Egypt detains 29 Turkish over allege spying


Egyptian prosecutors have ordered the detention of 29 Turkish suspected members of the outlawed Muslim Brotherhood over alleged spying, an action which was said to negates the country’s constitution.

The prosecution statement on Wednesday said the 29 illegally facilitated international calls made by people in Egypt through Turkish-based servers offered at discounted charges.

The statement accuses them of eavesdropping on the calls to gather information on conditions in Egypt that they passed onto Turkish intelligence.

Egypt’s ties with Turkey have been tensed since the Egyptian military removed former Islamist President, Mohamed Morsi in 2013 and later blacklisted his Muslim Brotherhood group as a terrorist organization, a move that has been officially rejected by Turkey that hosted fleeing Brotherhood members and supporters.

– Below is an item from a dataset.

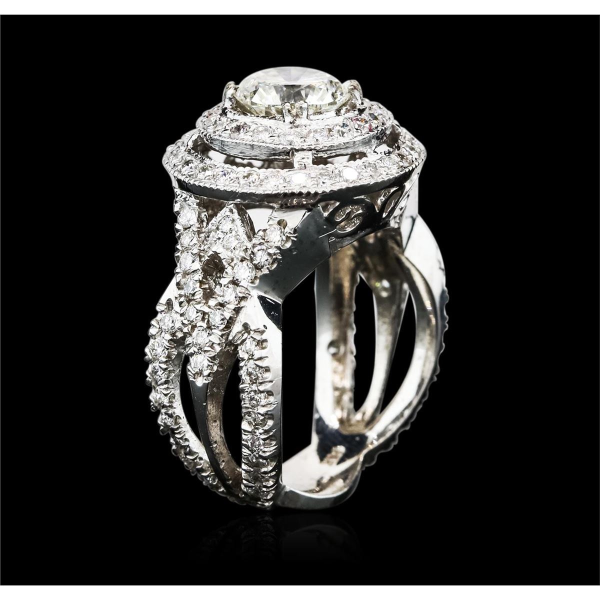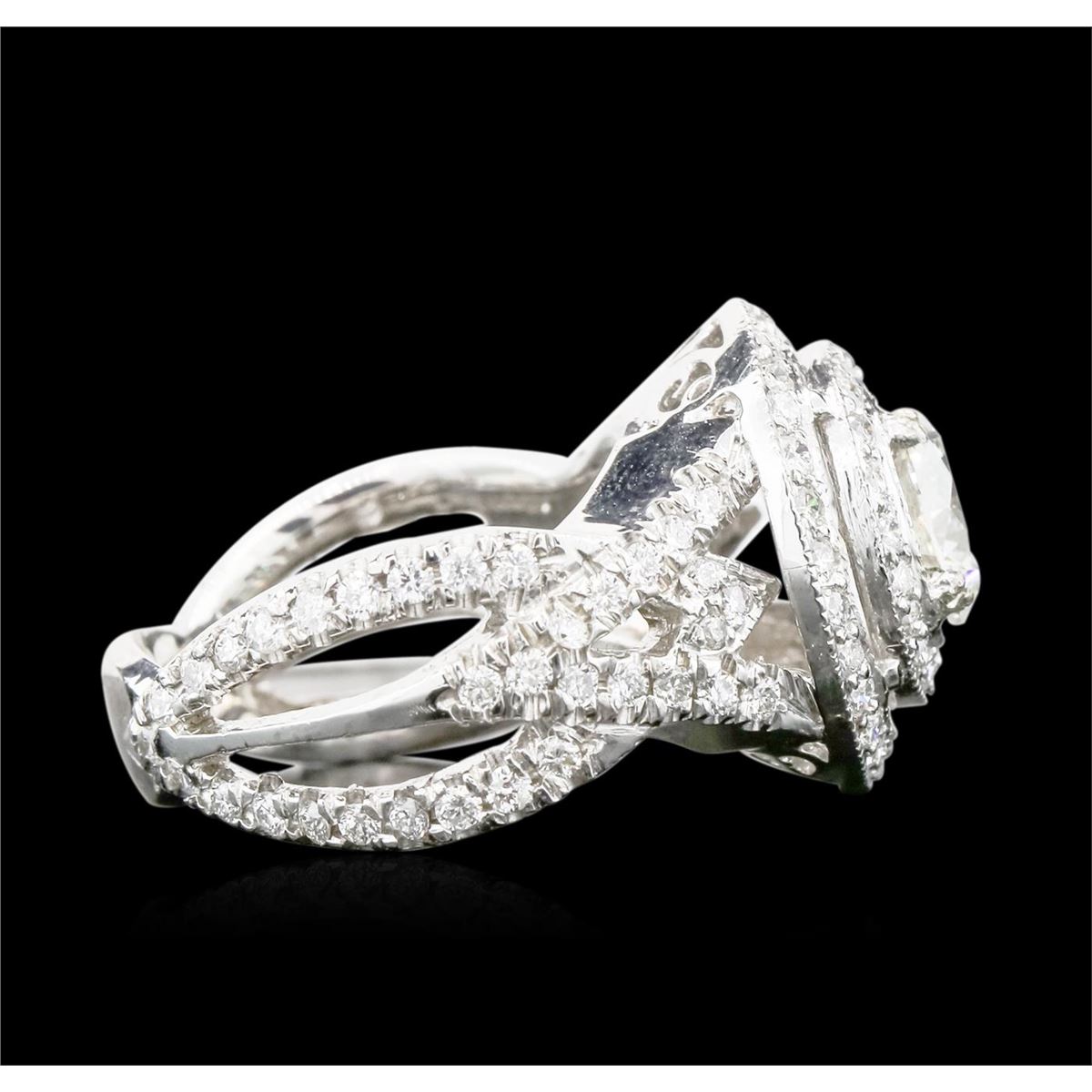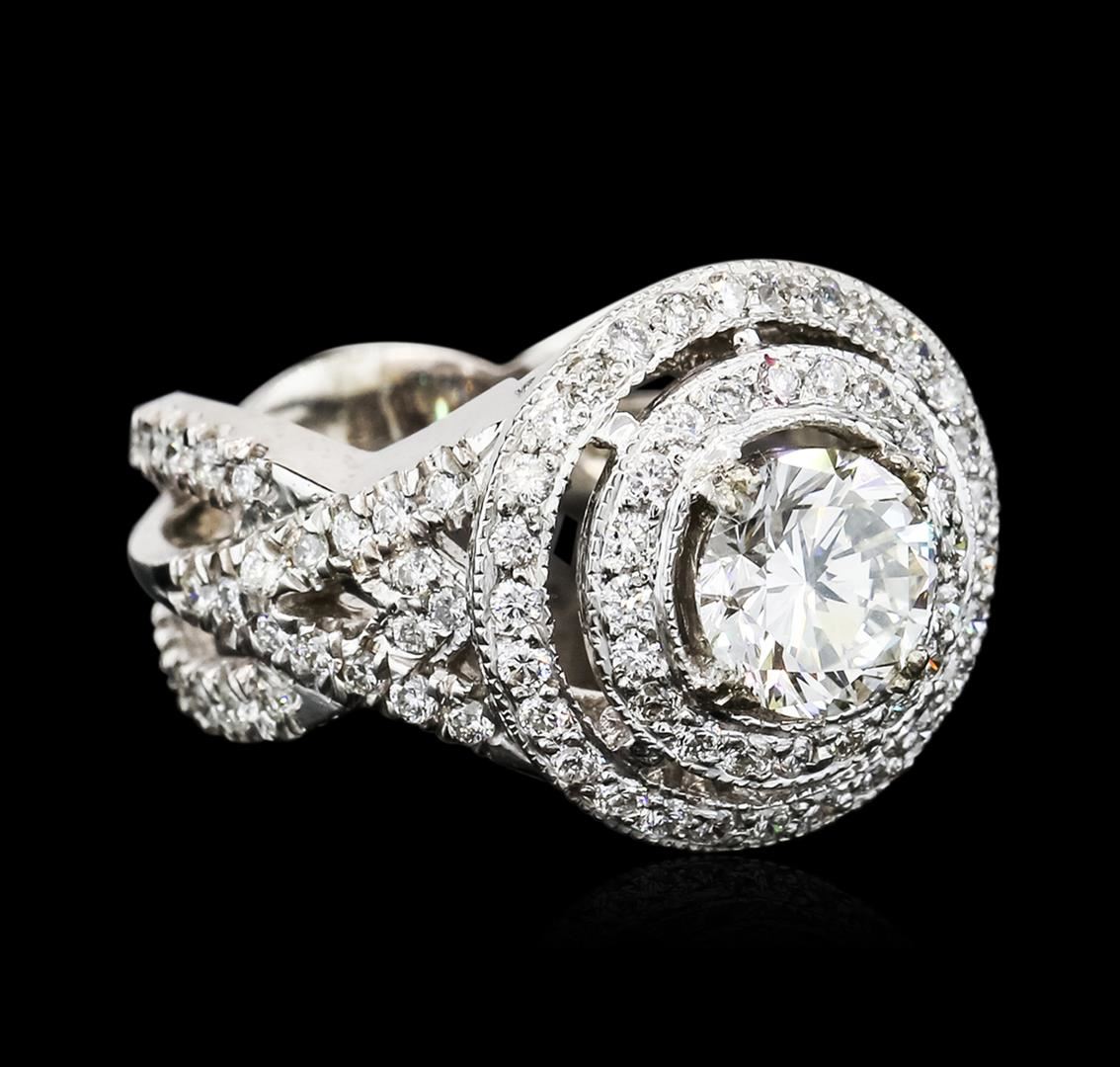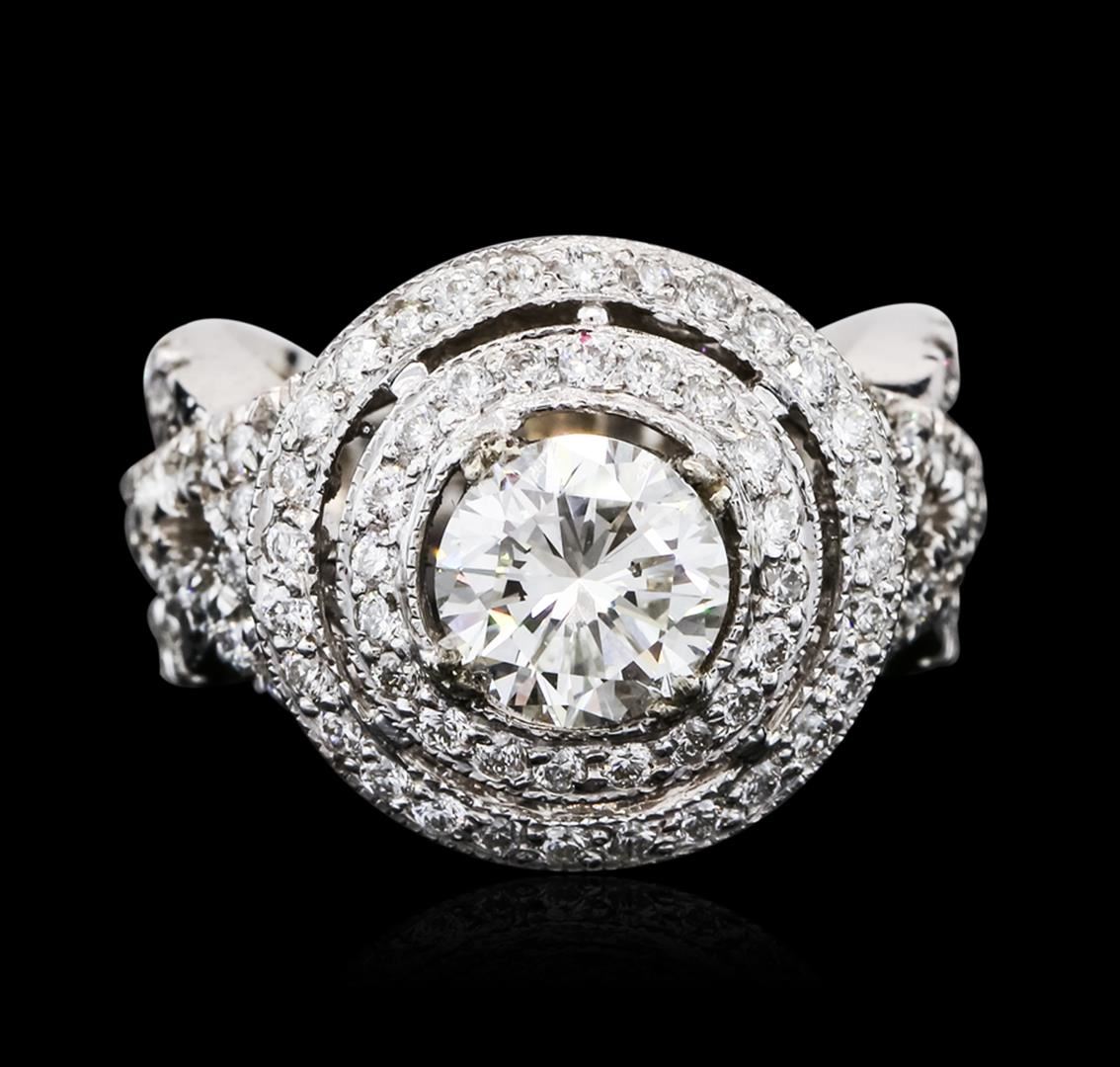 One electronically tested 14KT white gold ladies cast diamond unity ring. The featured diamond is set within two tiered diamond bezels supported by elaborate diamond set intertwining shoulders, completed by a five and one-half millimeter wide band. Bright polish finish with milgrain detailing. Identified with markings of "14K". Condition is new, good workmanship. Containing: One prong set round brilliant cut diamond, measuring 7.39 - 7.44 x 4.53mm exact weight 1.51ct. GIA Diamond Grading Report attached. Graded loose prior to setting in the GIA Laboratory, Report #13447777. Clarity: SI-1. Color: I. Depth 61.1%. Table 59.0%. One Hundred Eight prong set round brilliant cut diamonds, measuring 1.60 - 1.50 x 0.93mm (depth est.) approximate total weight of 108 Stones = 1.50ct. Graded in the setting. Clarity: SI-1 to I-1. Color: G - I. Total Weight of Diamonds 3.01ct. Total Weight of Ring 9.65 grams. AIG Appraised at $29,905.00.

Egypt’s top prosecutor, Nabil Sadeq, ordered a 15-day detention of the 29 defendants on Wednesday, along with other fugitives, who were accused of espionage in favor of Turkey to harm Egypt’s interests, joining a terrorist group, involved in money laundering and illegal currency trade and other charges.

The Egypt’s Homeland Security Agency alleged that the 29 defendants and others passed international online calls through Turkey-hosted servers collecting information about negative and positive conditions inside Egypt to plot against the country from Turkey.

The investigations conducted by the security agency revealed that the money gained from passing illegal international calls has been used in the establishment of such media platforms abroad and financing acts of aggression in Egypt.

Over the past few years, the Egyptian economy was said to have suffered shortage of foreign currency necessary for trade and imports.

The government accused the Brotherhood and its supporters of being engaged in the currency black market to maintain the dollar shortage and offering expatriates higher exchange rates to lure them against transferring foreign currency to Egyptian banks.